YOUR GOAL: For every entry below, give an exact repeat and leave out the pictures.
Top of PROVIDED INFORMATION
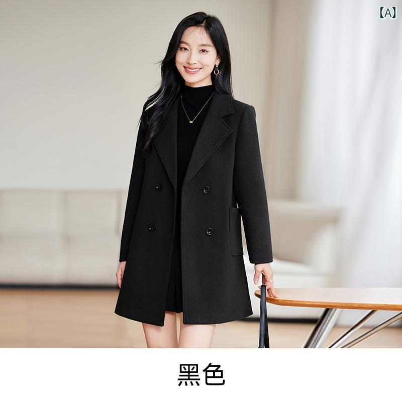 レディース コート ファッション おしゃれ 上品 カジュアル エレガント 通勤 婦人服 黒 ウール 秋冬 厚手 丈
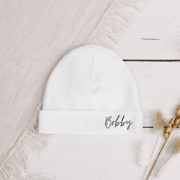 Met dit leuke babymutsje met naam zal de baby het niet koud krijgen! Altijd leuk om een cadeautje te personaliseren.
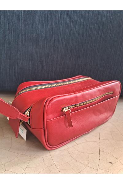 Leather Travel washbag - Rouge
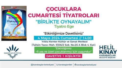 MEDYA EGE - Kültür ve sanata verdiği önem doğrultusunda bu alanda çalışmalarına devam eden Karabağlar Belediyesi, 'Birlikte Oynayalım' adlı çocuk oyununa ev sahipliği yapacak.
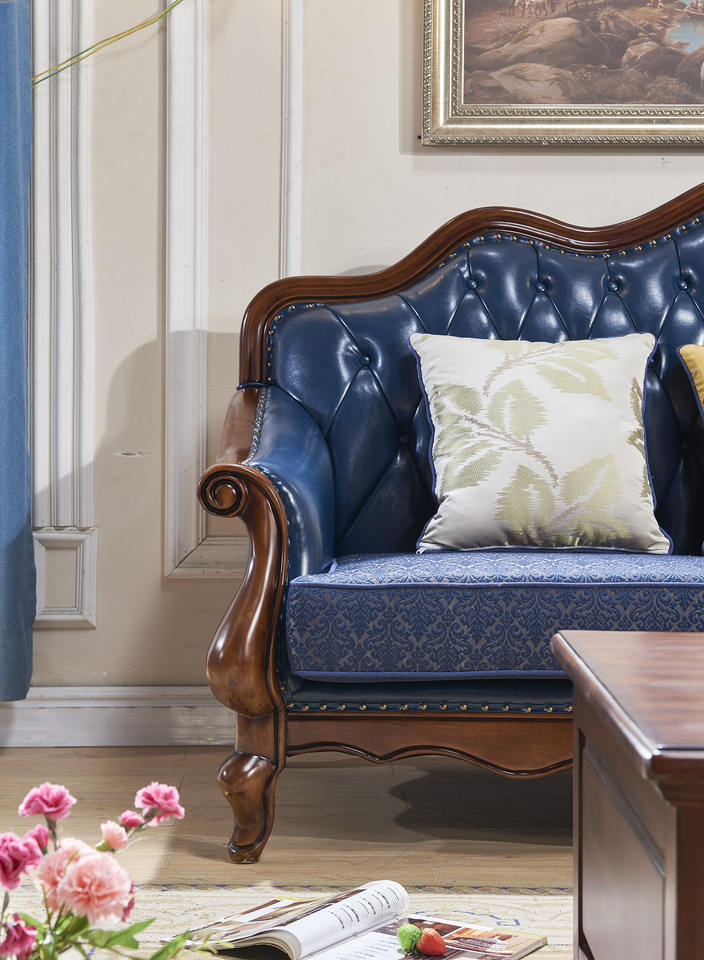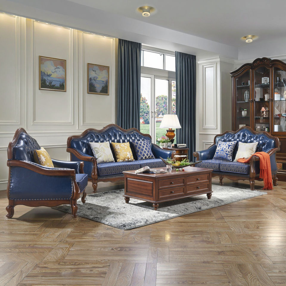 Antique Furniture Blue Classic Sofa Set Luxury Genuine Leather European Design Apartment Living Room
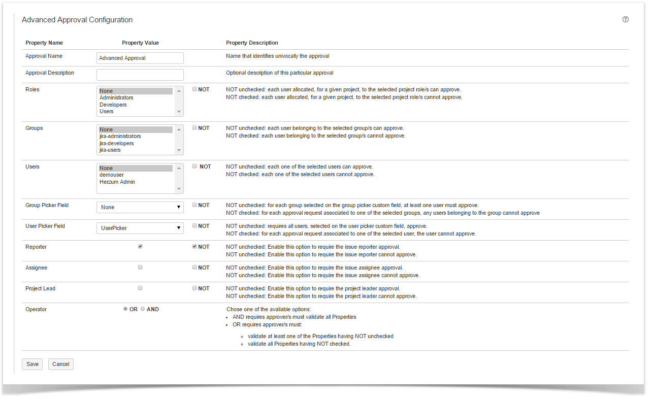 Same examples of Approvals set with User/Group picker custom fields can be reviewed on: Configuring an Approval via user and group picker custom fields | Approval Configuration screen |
Bottom of PROVIDED INFORMATION
TASK SOLUTION:
 レディース コート ファッション おしゃれ 上品 カジュアル エレガント 通勤 婦人服 黒 ウール 秋冬 厚手 丈
 Met dit leuke babymutsje met naam zal de baby het niet koud krijgen! Altijd leuk om een cadeautje te personaliseren.
 Leather Travel washbag - Rouge
 MEDYA EGE - Kültür ve sanata verdiği önem doğrultusunda bu alanda çalışmalarına devam eden Karabağlar Belediyesi, 'Birlikte Oynayalım' adlı çocuk oyununa ev sahipliği yapacak.
 Antique Furniture Blue Classic Sofa Set Luxury Genuine Leather European Design Apartment Living Room
 Same examples of Approvals set with User/Group picker custom fields can be reviewed on: Configuring an Approval via user and group picker custom fields | Approval Configuration screen |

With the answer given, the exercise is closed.